In midair an M = 145 kg bomb explodes into two pieces of m1 = 115 kg and another, respectively. Before the explosion, the bomb was moving at 24.0 m/s to the east. After the explosion, the velocity of the m1 = 115 kg piece is 65.0 m/s to the east. Find the velocity (in m/s) (with a proper sign) of the other piece after the explosion

Answer 1

Answer:

$v_2=-133.17m/s$, the minus meaning west.

Explanation:

We know that linear momentum must be conserved, so it will be the same before ($p_i$) and after ($p_f$) the explosion. We will take the east direction as positive.
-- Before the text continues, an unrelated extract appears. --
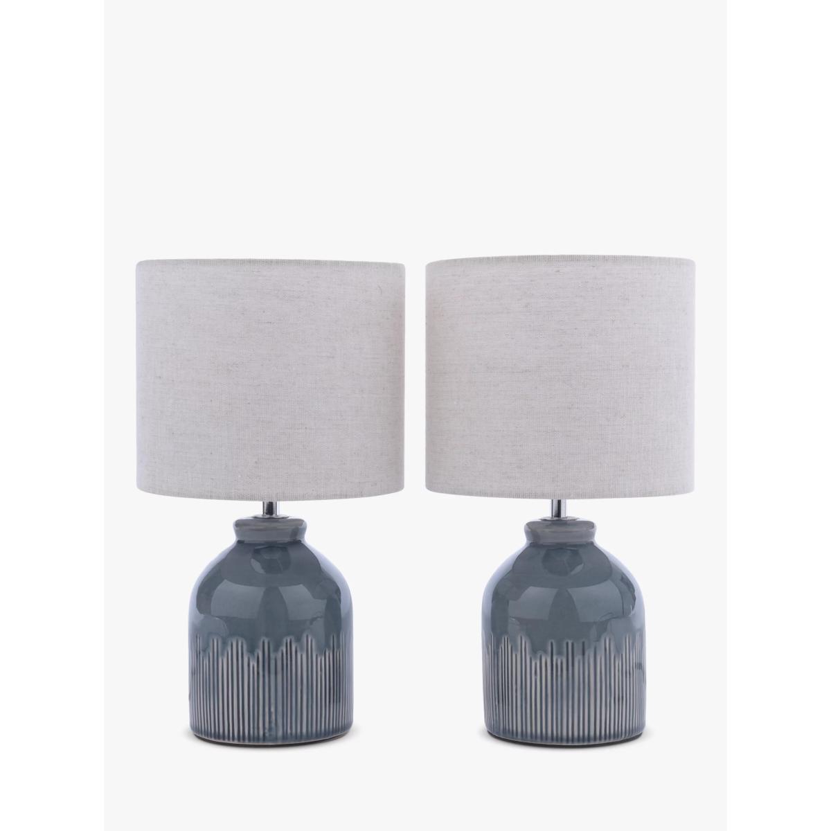 Thanks to their hand-crafted design, these ribbed ceramic lamps have a unique and individual appearance. The textured bases are finished with a reactive-glaze that highlights the stunning ribbed pattern. Combined with a linen lampshade, this set of two will make a beautiful addition to your home.
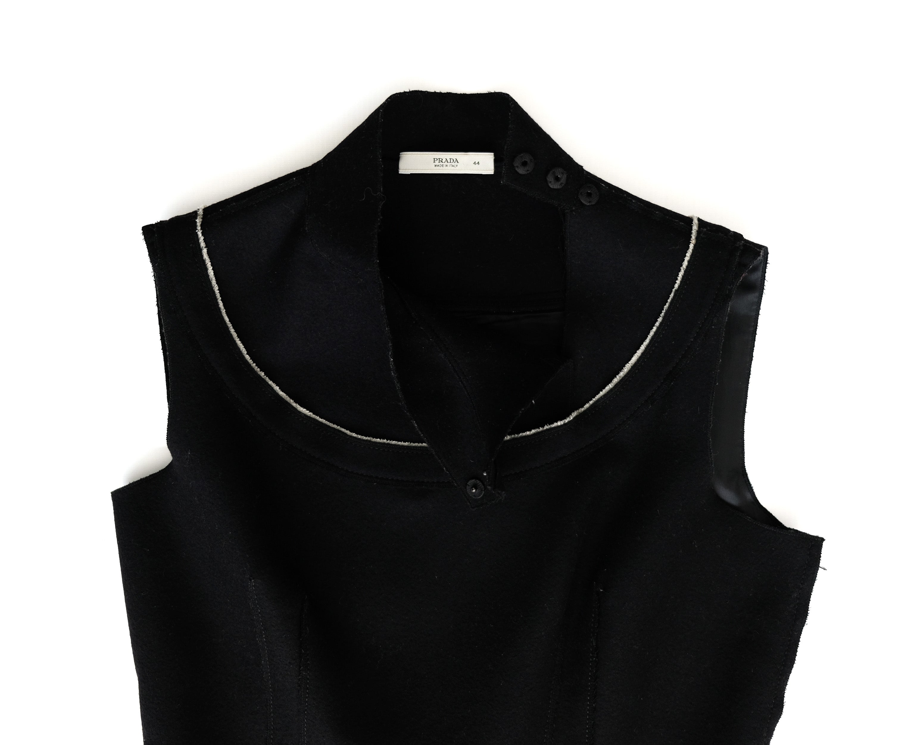 A lovely sleeveless tailored dress by Prada, in felted black wool.

Before the explosion we have $p_i=m_iv_i=Mv_i$.

After the explosion we have pieces 1 and 2, so $p_f=m_1v_1+m_2v_2$.

These equations must be vectorial but since we look at the instants before and after the explosions and the bomb fragments in only 2 pieces the problem can be simplified in one dimension with direction east-west.

Since we know momentum must be conserved we have:

$Mv_i=m_1v_1+m_2v_2$

Which means (since we want $v_2$ and $M=m_1+m_2$):

$v_2=\frac{Mv_i-m_1v_1}{m_2}=\frac{Mv_i-m_1v_1}{M-m_1}$

So for our values we have:

$v_2=\frac{(145kg)(24m/s)-(115kg)(65m/s)}{(145kg-115kg)}=-133.17m/s$